**TASK STATEMENT:**
The expected output is the data below, character for character, without its pictures.

++++ INFORMATION PROVIDED

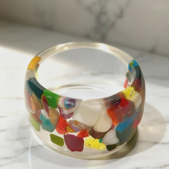 Our jewelry is considered wearable art, as each item is unique. Resin can be recycled and is therefore ecofriendly. Our designs are fresh and contemporary, incorporating color, happiness and attitude. All our jewelry is made under strict fair-trade conditions. To keep your jewelry in perfect condition, avoid knocking it against hard surfaces or exposing it to extreme heat. When treated with love, resin will last for years. To clean an restore your jewelry to its original brilliance, simply rub a small amount of moisturizing cream into a cloth and apply it gently to the piece.
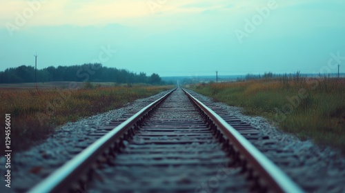 Fototapeta premium Endless railway tracks stretching towards the horizon under a serene,...
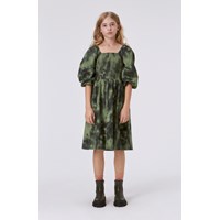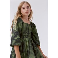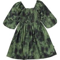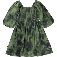 Groene midi jurk met een tie-dye print in verschillende tinten groen. Deze jurk is van 100% katoen, heeft een vierkante hals, 3/4 lange mouwen met elastiek, top met elastisch smokwerk en een wijde rok. Deze jurk heeft een normale pasvorm. De tie-dye print van Molo is uniek en met de hand gemaakt, waardoor de print per stijl kan verschillen.

++++++++

**ANSWER SECTION:**
 Our jewelry is considered wearable art, as each item is unique. Resin can be recycled and is therefore ecofriendly. Our designs are fresh and contemporary, incorporating color, happiness and attitude. All our jewelry is made under strict fair-trade conditions. To keep your jewelry in perfect condition, avoid knocking it against hard surfaces or exposing it to extreme heat. When treated with love, resin will last for years. To clean an restore your jewelry to its original brilliance, simply rub a small amount of moisturizing cream into a cloth and apply it gently to the piece.
 Fototapeta premium Endless railway tracks stretching towards the horizon under a serene,...
 Groene midi jurk met een tie-dye print in verschillende tinten groen. Deze jurk is van 100% katoen, heeft een vierkante hals, 3/4 lange mouwen met elastiek, top met elastisch smokwerk en een wijde rok. Deze jurk heeft een normale pasvorm. De tie-dye print van Molo is uniek en met de hand gemaakt, waardoor de print per stijl kan verschillen.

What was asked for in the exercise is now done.